The following countries either do not have an ISO-Code assigned because they do not exist anymore or are not recognized internationally.

For small countries like Azore-Islands or the netherlands antilles it is not that tragic, since they probably contribute only marginally to the total number of deaths by natural disasters globally or for a specific region.
They are therefore negligible.

For internationally unrecognized countries (Taiwan) we can default to a specifically assigned ISO-Code by us.

The difficult part is to make sense of the observations belonging to a larger country which has been split up into smaller nations in the last 100 years. (Soviet Union, Czechoslovakia, Yugoslavia)

In [None]:
countries_with_iso = dis_all.merge(un_country_codes, how="left", left_on='country_code', right_on='ISO_alpha3_Code')[["country_name", "country_code", "ISO_alpha3_Code", "Region_Code"]]
mismatches = countries_with_iso[countries_with_iso.ISO_alpha3_Code.isnull()]
mismatches.country_name.unique()

## Taiwan: Assign ISO-Code manually (TWN)

In [None]:
dis_all.loc[dis_all.country_name == "Taiwan", "country_code"] = "TWN"

## Count all disasters that happened in the Soviet Union

In [None]:
dis_all[dis_all.country_code == "SUN"].deaths.count()

## Count all disasters that happened in Czechoslovakia

In [None]:
dis_all[dis_all.country_code == "CSK"].deaths.count()

## Count all disasters that happened in Yugoslavia

In [None]:
dis_all[dis_all.country_code == "YUG"].deaths.count()

## Check in which part of the country the disaster occured

In [None]:
dis_all[dis_all.country_code == "CSK"].location

## Determine Location

To determine in which currently existing country those disasters happened,
we need to take a look at the location-attribute

Fortunately only the disasters in Czechoslovakia have missing values for the location attribute.
For all disasters in the other dissolved countries an exact location is provided.

Now we proceed by checking matching the location with the now existing countries that were part of the former nations.

Soviet Union (SUN):
- Armenia
- Azerbaijan
- Belarus
- Estonia
- Georgia
- Kazakhstan
- Kyrgyzstan
- Latvia
- Lithuania
- Moldova
- Russia
- Tajikistan
- Turkmenistan
- Ukraine
- Uzbekistan

Yugoslavia (YUG):
- Bosnia and Herzegovina
- Croatia
- Kosovo (included but not part of the dataset)
- Montenegro
- North Macedonia
- Serbia

Czechoslovakia (CSK):
- The Czech Republic
- Slovakia

In [None]:
former_sum_country_names = ["Russian Federation", "Armenia", "Azerbaijan", "Belarus", "Estonia", "Georgia", "Kazakhstan", "Kyrgyzstan", "Latvia", "Lithuania", "Moldova", "Tajikistan", "Turkmenistan", "Ukraine", "Uzbekistan"]

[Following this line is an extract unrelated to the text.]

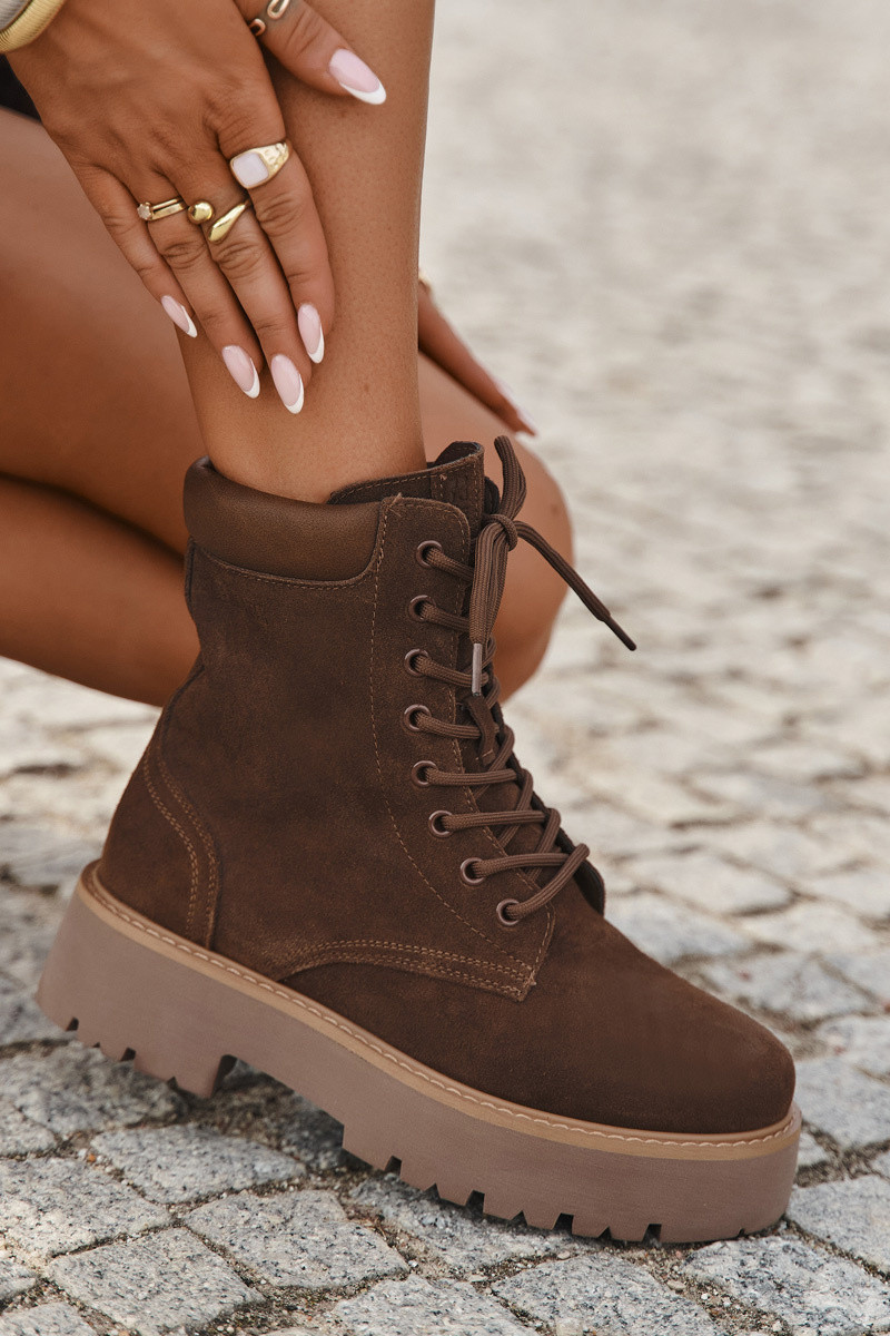 Zomšiniai moteriški auliniai batai su raišteliais Big Star SS274792 rudos spalvos

former_yug_country_names = ["Bosnia and Herzegovina", "Croatia", "Kosovo", "Montenegro", "North Macedonia","Serbia"]

former_csk_country_names = ["Czechia", "Slovakia"]

In [None]:
dis_all[dis_all.country_code == "SUN"].location

In [None]:
dis_sun_with_region = dis_all[dis_all.country_code == "SUN"].copy()
dis_sun_with_region["region"] = np.nan

mask_europe = dis_sun_with_region["location"].str.contains("Russian Federation|Ukraine|Moldavia|Siberia").fillna(False)
mask_asia = dis_sun_with_region["location"].str.contains("Kazakhstan|Azerbaijan|Uzbekistan|Turkmenistan|Georgia|Armenia|Kyrgystan|Tajikistan|Tajiskistan|Tadzhikistan|Tadjikistan|Caucasus region|Dushanbe", case=False).fillna(False)

# disasters in europe and asia
dis_sun_with_region[mask_europe & mask_asia]

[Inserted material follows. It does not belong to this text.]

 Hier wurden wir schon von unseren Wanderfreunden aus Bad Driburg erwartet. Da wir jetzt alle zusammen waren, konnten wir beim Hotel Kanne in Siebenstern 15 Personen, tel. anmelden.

Only one Event happened in both the asian as well as the european part of the soviet union.
It is also a major event since it is a drought which caused the death of 1.2 million people.

Researching the details of this event one can conclude that this observation can only be the Russian famine of 1921–1922.
It mostly affected people living in europe, hence we assign this single observation the region europe.
(https://en.wikipedia.org/wiki/Russian_famine_of_1921%E2%80%931922)

For all other observations, the region should be unambiguous.

In [None]:
dis_sun_with_region.loc[mask_europe, "region"] = "Europe"
dis_sun_with_region.loc[mask_asia, "region"] = "Asia"
dis_sun_with_region.loc[1262, "region"] = "Europe"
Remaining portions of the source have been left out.